Books

3 Nights in Darkness

What Buzz Bissinger’s new book fails to see about sportswriting.

Buzz Bissinger writes in the preface to 3 Nights in August that it “was not conceived as a response to Moneyball.” No matter how it was conceived, his new baseball book came out screaming bloody murder. Bissinger, the author of 1990’s classic Friday Night Lights, used to know how to avoid tendentious sportswriting. This time, he can’t resist interrupting his narrative—three 2003 games as seen through the eyes of St. Louis Cardinals manager Tony La Russa —to engage in pointless shadowboxing with the Michael Lewis best seller that laid out a controversially statistics-based formula for winning baseball games.

Bissinger challenges Moneyball’s analytical argument with unverifiable, splenetic opinions. On-base percentage is the “latest fashion fad.” Numbers are less important than human nature. The MBA-carrying thirtysomethings invading baseball’s front offices might know their way around Microsoft Excel, but they’ll never understand baseball. And so on.

Like every other writer who lashed out at Moneyball, Bissinger buys into the unsophisticated dialectic of numbers versus heart—that there’s “no way to quantify desire.” But Bissinger’s own reporting reveals that those distinctions don’t exist in major-league clubhouses. The Cardinals, like every other team, embrace both subjective scouting and newfangled statistics. Pitching coach Dave Duncan uses mathematical evidence to convince his starters of the importance of throwing a first-pitch strike. He also cues up video to point out the weaknesses of opposing hitters.

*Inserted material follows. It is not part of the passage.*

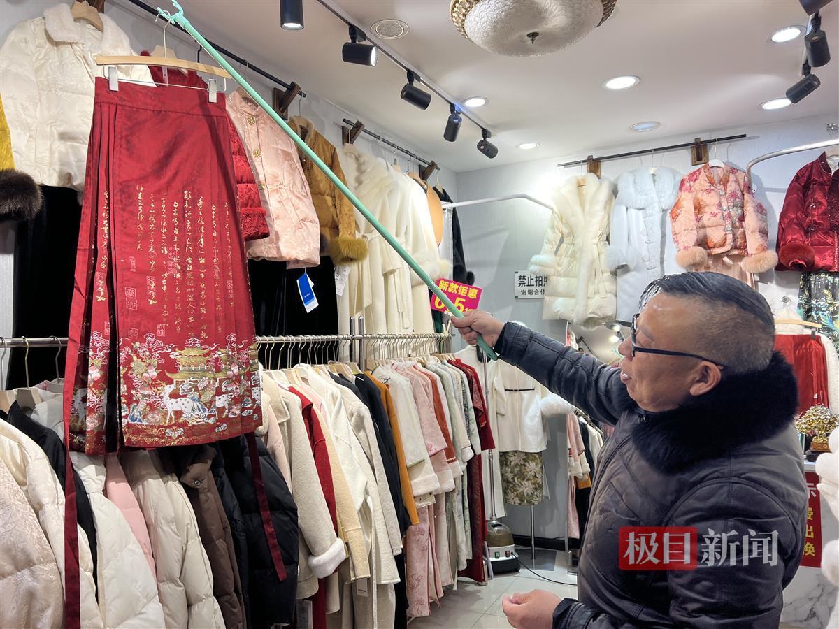 新年到,穿新衣,戴新帽。腊月二十七,人们购置春节新衣的热情持续高涨。1月23日,在湖北襄阳襄城区北街,盘扣棉服、印花马面裙、“新中式”羽绒服等国潮风女装,吸引着高中生、年轻情侣和中年女性的喜爱。

Bissinger lacks the sophistication to fight Moneyball on its own statistically savvy terms. Sometimes he’s clumsy with numbers, sometimes just ignorant. He writes that Cardinals pitcher Garrett Stephenson struggled in 2003 because he allowed too many home runs; in fact, he gave up fewer homers than in 2000, his “breakout season.” A Cubs reliever has supposedly “dominated” the Cardinals’ Albert Pujols when they’ve faced each other six times, a sample size small enough to be completely meaningless.

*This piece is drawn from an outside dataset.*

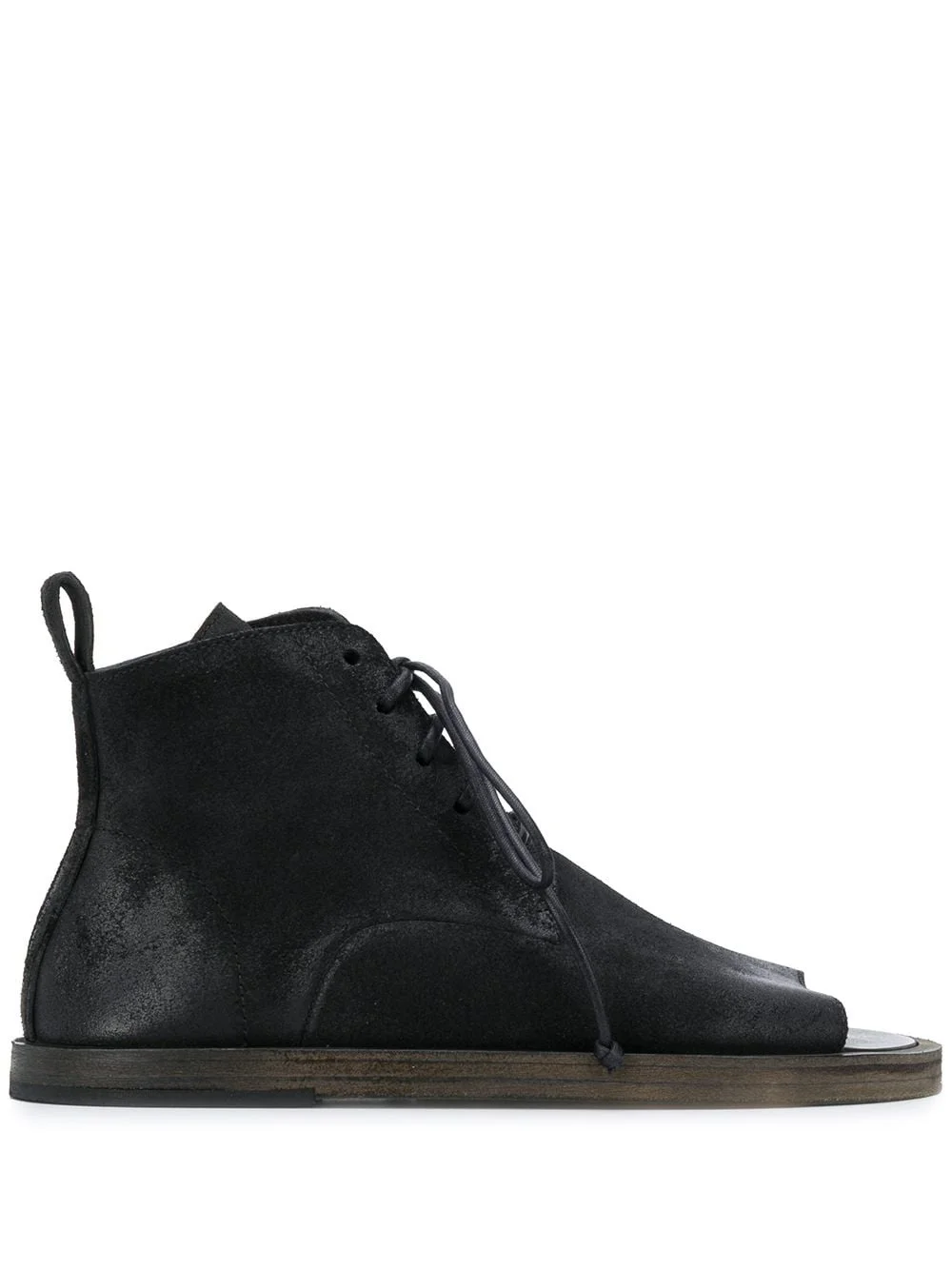 Sandello open-toe boots Open toe flat desert boots from Marsell featuring an open top design, a lace-up front fastening, a pull tab at the rear and a flat rubber sole. Made in Italy Composition Calf Leather 100% SIZE & FIT Measurement HEEL 0.59 in(1.5 cm) HEIGHT 3.93 in(10 cm) Sole height 0.39 in(1 cm)

3 Nights in August takes for granted that you can only learn about baseball by watching baseball games. Bissinger gives authority to the watchers—the pitching coach Duncan has a “laser eye for mechanical flaws,” the Cardinals’ video coordinator has “microscope eyes.” The 60-year-old manager La Russa, though, keeps the game’s secrets. Bissinger stalks La Russa in the dugout and clubhouse, filling up his notebook as the manager massages the egos of bench players and frets over pinch-hitting appearances.

Like George Will before him, Bissinger is seduced by Tony La Russa’s old-school charms. La Russa is a “baseball man”—a seasoned veteran who defends the game’s customs from selfish players and bloodless technocrats. His craggy, weather-beaten face is a relic of thousands of brain-busting pitching changes. His monklike devotion to filling out the lineup card mandates sequestration from his family during the season. A manager who spends so much time worrying and strategizing in his “self-imposed foxhole” has to be the keeper of the game’s secrets. La Russa certainly believes in his own relevance—after 25 years in the dugout, he’s decided that “when [my teams] suck it’s mostly because I suck.”

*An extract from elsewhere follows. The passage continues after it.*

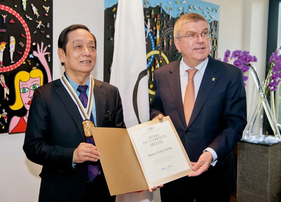 「顧拜旦獎」是國際奧委會頒發給為奧林匹克運動做出突出貢獻的人士。它與奧運獎牌不同,除了有特殊表現的運動員,那些為推廣奧林匹克運動和傳承奧林匹克運動精神有着突出貢獻的人士也是受嘉獎的對象。在頒獎儀式上,巴赫主席動情地說:「韓美林先生是奧運精神卓越的實踐者,是奧林匹克鮮活的象徵。」

Just because La Russa is ridiculously self-involved doesn’t mean he should be ignored—after all, he’s managed four World Series teams. But his conventional baseball charm doesn’t necessarily mean that he knows more than the baby-faced geeks in the front office. By showing the blind spots of old-school analysis, Moneyball exposed the old-school analysts. For Bissinger, the heroes are the guys who look like heroes—the graceful center fielder, the glowering pitcher, the stoic men in uniform. Baseball sentimentalists have a vested interest in protecting the narrative that every pitchout signal is sacred. If the unathletic pencil pushers are the real leading men, then one whole swath of sports journalism will disappear.

Moneyball’s success left a lot of brilliant sportswriters in the lurch.  They are eloquent wordsmiths, but they don’t have the nerdy hard-wiring it takes to devour page after page of decimal points. Instead of walking away from the fight, they get hung up on fencing with Lewis and the statisticians. Bissinger’s strength is communicating the emotions and passions of people like La Russa—essentially, profile writing. Friday Night Lights proved that he’s capable of describing the grip that sports can have over athletes, coaches, and fans. In 3 Nights in August, he only succeeds in showing that Michael Lewis has him in a headlock.

The only virtuoso moments in 3 Nights in August come when Bissinger describes the sudden death of Cardinals pitcher Darryl Kile. The devastation in the locker room after a friend and teammate dies is one of the things in sports that can’t be quantified. For the most part, though, Bissinger stares so deeply into La Russa’s eyes that he loses sight of when emotion is important and when it’s just a crutch for the uninformed. Sometimes, it takes a nerd to tell the difference.